My Photo

WorldCat


Twitter Updates

    follow me on Twitter
    Blog powered by TypePad

    google analytics


    meter


    Categories

    Categories

    January 09, 2007

    LOCKSS - Floating electronic librarianship to a higher level

    Img_6461 Victoria Reich, of Stanford University, spoke about LOCKSS and CLOCKSS at OCLC this morning, following her colleague Mike Keller’s talk yesterday.   LOCKSS stands for Lots Of Copies Keeps Stuff Safe (though, it might be temporarily rewritten as Lots Of Coherent Knowledge from Stanford Speakers, given the excellent presentations we’ve enjoyed here in Dublin this week).

    Many readers will have heard of these systems, especially LOCKSS, which has nearly a decade of development effort behind it.  If I were to characterize Mike Keller’s perspective as how we make libraries more Googlish, Vicky’s perspective is solidly in the realm of how to make the Web behave more like library shelves.  This may strike some as ho-hummish, but it is arguably among the most important missing links in making digital libraries solid enough to bear up as reliable stores of cultural assets.

    Vicky builds her case on two core assumptions:

    1. Democracies and libraries and are inextricably linked
    2. Maintaining collections with design and intent distinguishes libraries from book warehouses

    She amplified these assumptions by describing the attributes of print libraries that make them particularly suitable as reliable preservation systems:

    • Resistance to Attack - replication of assets means they are less susceptible to:
      • Natural disasters 
      • Ideological extremists
      • Vagaries of governmental policy
    • Self Healing - collaboration and resource sharing make access to print tractable (if perhaps a tad slow):
      • Interlibrary loan
      • Preservation copies

    Vicky argues that the Web changed the relationship of libraries and publishers, and (at least potentially) compromised all of these attributes in one way or another, thereby weakening the link between libraries and the societies they support, and compromising the coherence of managed collections. LOCKSS is intended to help redress these issues.

    She poses two key questions about electronic library data:

    1. Who has custody?
    2. Who gets access?

    If it sounds a bit like divorce court… it IS a bit like divorce court.  The revenue stream belongs to the content owners, but the custody part resides with the people with the sensible shoes -- us. In the case of LOCKSS, this means a community governance model and library custody of data... but with constraints.  One important aspect of the model is that data previously 'purchased' remains accessible to members of the community that purchased it. That is, stuff paid for in the past, but for which current subscriptions are not in force, remains accessible.

    This point is quite important, as it returns management of the collection back to the library.  Publishers may of course feel differently about this. Some endorse the model, others view their data as a time-sensitive licensed-commodity -- the electronic equivalent of taking materials off your shelf when you decide you don't want to (or can't) sustain the subscription (my metaphor, not Vicky's).
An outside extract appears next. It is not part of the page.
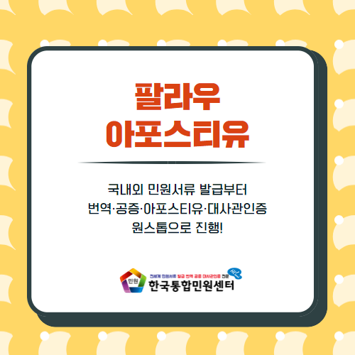 팔라우에서 사용할 졸업증명서, 가족관계증명서, 위임장, 출생증명서, 사업자등록증 등 한국통합민원센터와 함께라면 서류 준비가 훨씬 쉬워집니다!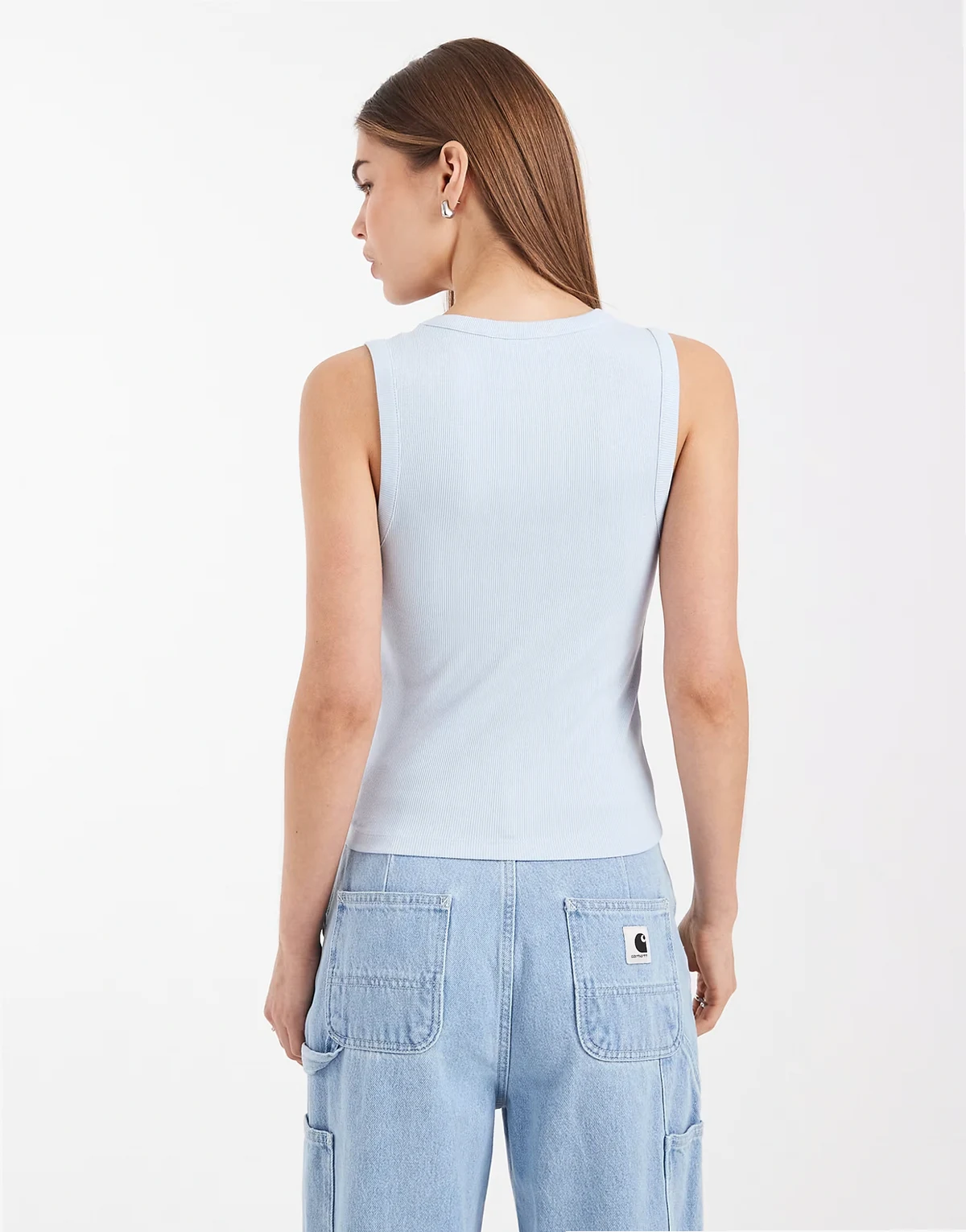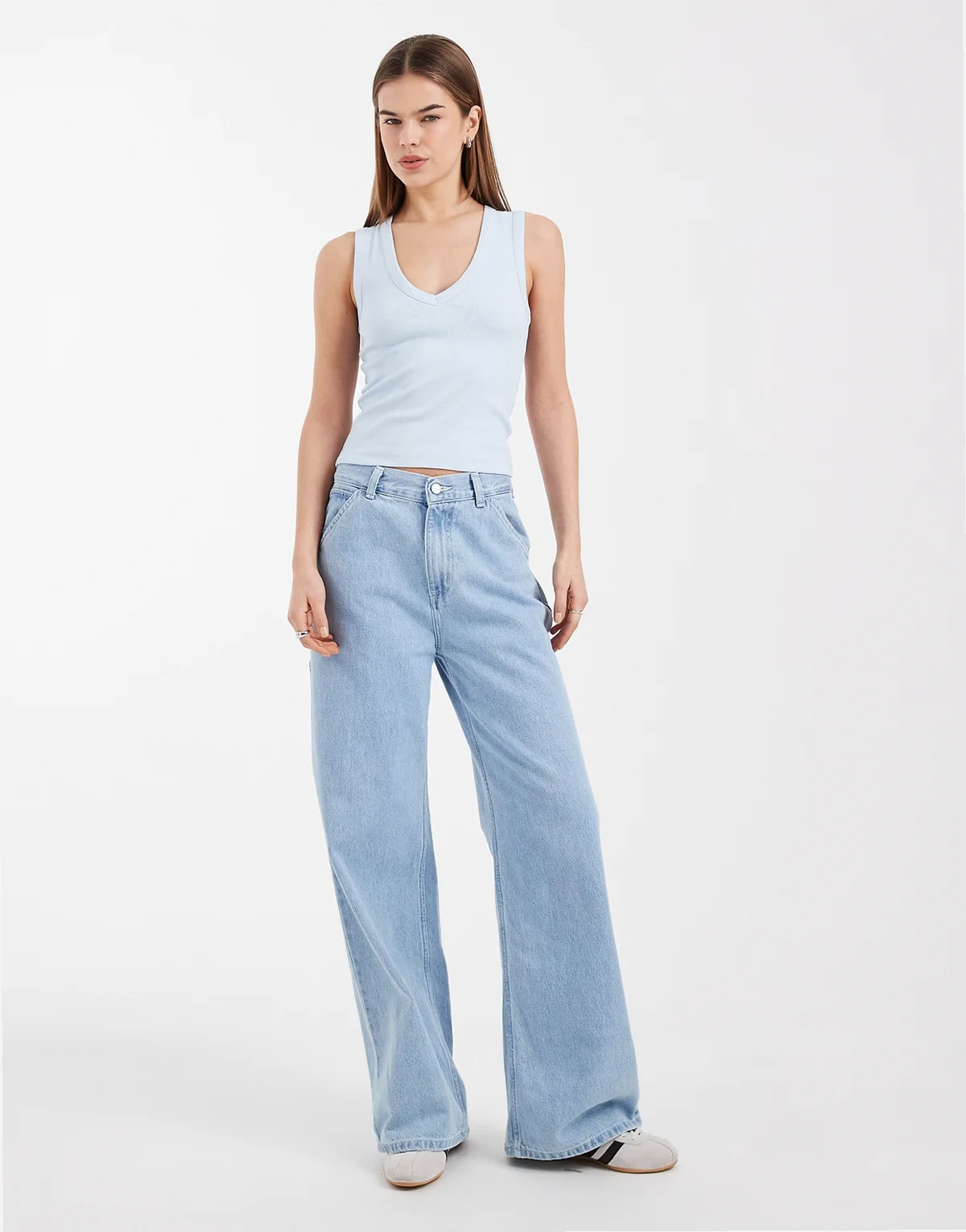 – Jasnoniebieski prążkowany podkoszulek z dekoltem w szpic

    Which brings up a key issue in the LOCKSS model: Publishers must agree.  Agreement is simple to effect: slap a LOCKSS-friendly consent statement on the Web page (data ingest is by Web-crawler, so everything in this system happens pretty much automagically).  But not all publishers see through these same rose-colored glasses.  An earlier version of this post misquoted the number of titles  currently under LOCKSS management, but it is substantial and growing (thanks to Vicky for catching my error).  It will be interesting to see how it grows as a proportion of total ejournal usage .

    LOCKSS also addresses the problem of format migration by supporting HTTP content negotiation. This too-little used feature of the HTTP protocol allows clients and servers to have a conversation about the  formats in which data can be provided and accepted.  LOCKSS clients use this information to do a best-match on-the-fly re-formatting of content so an obsolete format can be rendered as close as possible to the original, and without intervention by the reader. While I am skeptical as to how this holds up in a generalized way, it may the best way to address the problem, and will probably work reasonably well for common formats that can be expected to comprise the bulk of formally-published materials.

    Vicky touched on a wide array of related issue that I cannot cover in one post, including CLOCKSS, a Controlled LOCKSS that differs very little in the underlying technology, but which is managed according to different policies that will be more appealing to a broad range of publishers. Another exciting prospect is the use of LOCKSS as a low-cost means of preserving semi-published, often poorly-curated content that is unencumbered by the constraints of publishing business models. And it fits particularly nicely into the role of libraries as managers of unique collections.  Blogs and institutional repositories are on their radar screen, and one can imagine other interesting possibilities. 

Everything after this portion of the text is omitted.